Prowl frowned. “What’s that mean?”

“Mako thinks havin’ a sharkticon spirit gives ’er insight inta Carcharhinidae’s will,” Jazz answered, stretching some kinks out of her shoulders as well.

“She ain’t th’only one,” Ricochet cautioned, and Jazz stuck her tongue out at her.

“But priest-mages don’t actually speak for th’gods… do they?” Prowl looked at Sundance. “I certainly don’t speak fer th’god’a shipcats.”

Sundance snickered.

“Don’t. Ain’t no one who can speak th’words’a anythin’ but their own spirit,” Jazz said firmly. “Some priest-mages’ve got foresight, or a wider purview, an’ can tell what’ll make th’gods angry. Like Leaf. If she says somethin’ll upset Meakanu,” one of several gods of crystals trees, “I’d listen. An’ of course there’s Hounds…” Jazz trailed off with a shrug.

“God, spirit…” Ricochet continued. “Ain’t always a clear difference between ’em. Maybe bein’ a sharkticon gives ’er some insight. Maybe not. Gotta wait fer th’god t’show where ’is favor lies.”

“How would ’e do that?” Prowl was genuinely curious. On the mainland, priests _did_ speak for the gods, and in Praxus those outside the priesthood _sometimes_ listened. But if priest-mages didn’t exactly speak for the gods, and people here still took what the gods had to say seriously, there had to be ways they communicated for themselves. The dog-shark ritual was something warriors only did once, so it couldn’t be that… Her optics strayed to the island and she gulped. “Did Rainclouds make Keahi angry?”

“No,” Jazz said firmly. “’Less she wants ya fer a mate, Keahi don’t care one bit ’bout mortals.”

Well, that was a relief. Prowl relaxed and kept thinking. Maybe Keahi didn’t care, but Carcharhinidae did. Running afoul of the Teeth was a sign he had it out for you, and being eaten by sharkticons meant the god had come for you, according to Ricochet. “How’s Carcharhinidae’s displeasure manifest on a raid then?”

“Can _always_ git eaten by a shark,” Ricochet put in nastily and Jazz pushed her hard enough that she flailed and had to catch herself on the deck of the kattumaram. She cackled.

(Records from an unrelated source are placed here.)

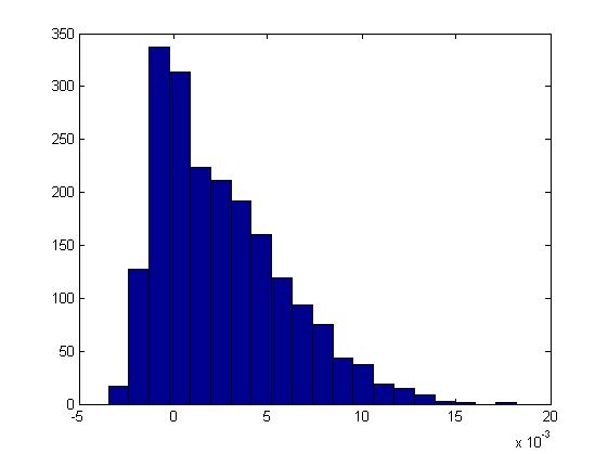 Media = 0,0025; desviación típica = 0,0034; rango = 0,0241.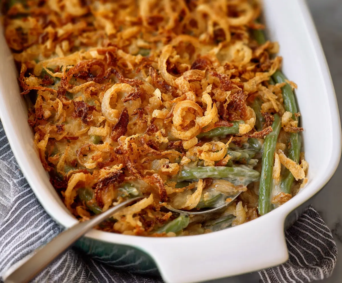 This Simple Green Bean Casserole is a tasty mix of green beans, creamy sauce, and crunchy fried onions. It’s comforting and perfect for family dinners!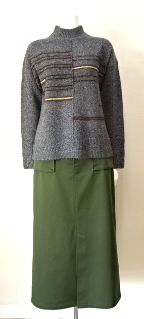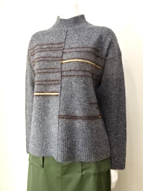 アシンメトリーなラインが印象的なハイネックニット。

“On a raid… could fail,” Jazz answered more seriously, shoving her twin again. “If th’raid leader’s injured bad enough an’ can’t fight, ’s’a bad omen. Or someone could call ’im t’witness a fight, if we need ’is judgement.”

Right. Trial by combat was a legitimate way of solving disputes outside the harvest season, and victors were considered to have the gods on their side in whatever issue was in contention — provided the issue was something more significant than stolen property. And anyone could issue a challenge. “Did she come t’cause trouble? Or just t’observe?”

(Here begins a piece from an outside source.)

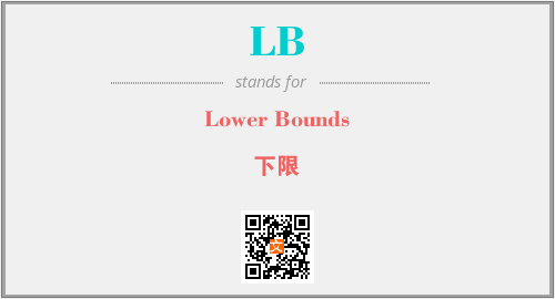 英文缩略词“LB”经常作为“Lower Bounds”的英文缩写来使用,中文表示:“下限”。本文将详细介绍英文缩写词LB所代表英文单词,其对应的中文拼音、详细解释以及在英语中的流行度。此外,还有关于缩略词LB的分类、应用领域及相关应用示例等。
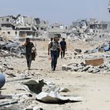 (Photo: Palestinians inspect damage after Israeli forces withdrew from Shejaiya neighborhood in eastern Gaza city. Credit: REUTERS/Dawoud Abu Alkas)

“Ain’t any’a us forecasters.”

“We’ll see,” Jazz said at the same time.

“I believe the Praxan phrase is ‘don’t borrow trouble’,” Sundance meowed philosophically.

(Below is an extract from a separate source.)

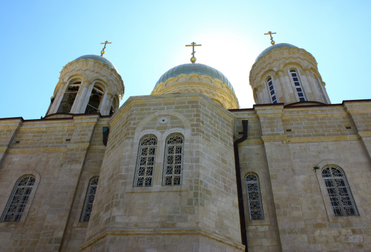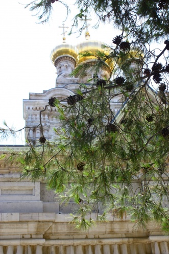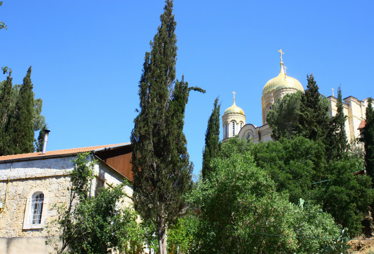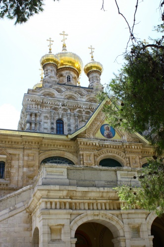 К отелю «Дан Панорама» в Иерусалиме подъехал микроавтобус и забрал на экскурсию. На часах было около 9 утра... Сперва мы отправились на Масличную гору, откуда есть возможность несколько минут полюбоваться панорамой Иерусалима, сделать фотографии… Потом спустились по этой самой горе к монастырю Святой Марии Магдалины. В отличие от большинства Святых мест в Иерусалиме, которые принадлежат католикам, сюда просто так зайти в любое время не получится - только в составе группы или если договоришься с монахинями. Ну и конечно, нужно соответствовать «православным» требованиям. Т.е. должны быть закрыты плечи и колени, а у женщин еще и покрыта голова!

“We certainly have enough already without adding to it,” Prowl agreed. “Guess we’ll just have t’play nice’n hope she doesn’t try t’start anything.”

Jazz counted up the warriors’ boats and smiled grimly. “Last’a ’em should be ’ere tonight, if they’re comin’,” she said. “Gonna go over th’wind’n waves fer any new warriors who might not’ve been t’Prax before then.” She gave her twin a pointed look.

“Gotcha.” Ricochet smirked.

“Wind’n waves?” Prowl asked, suspecting she was one of the warriors Jazz meant. “What’s that?”

“Wayfindin’?” Jazz tried translating. “Study th’mahere rakau. _Maps.”_

“Oh!” She’d completely forgotten. “Definitely wanna learn that.”

“Thought so.” Jazz smiled. She kissed Prowl on her chevron. “Go on. Y’an’ Rico have fun.”

“Fun, huh?” Prowl looked over at Ricochet. “Fer one’a us, maybe.”

“Maybe,” Ricochet agreed. She reached over and snagged Jazz’s gladius from its sheath on her twin’s spine. “Come on. Time t’run.”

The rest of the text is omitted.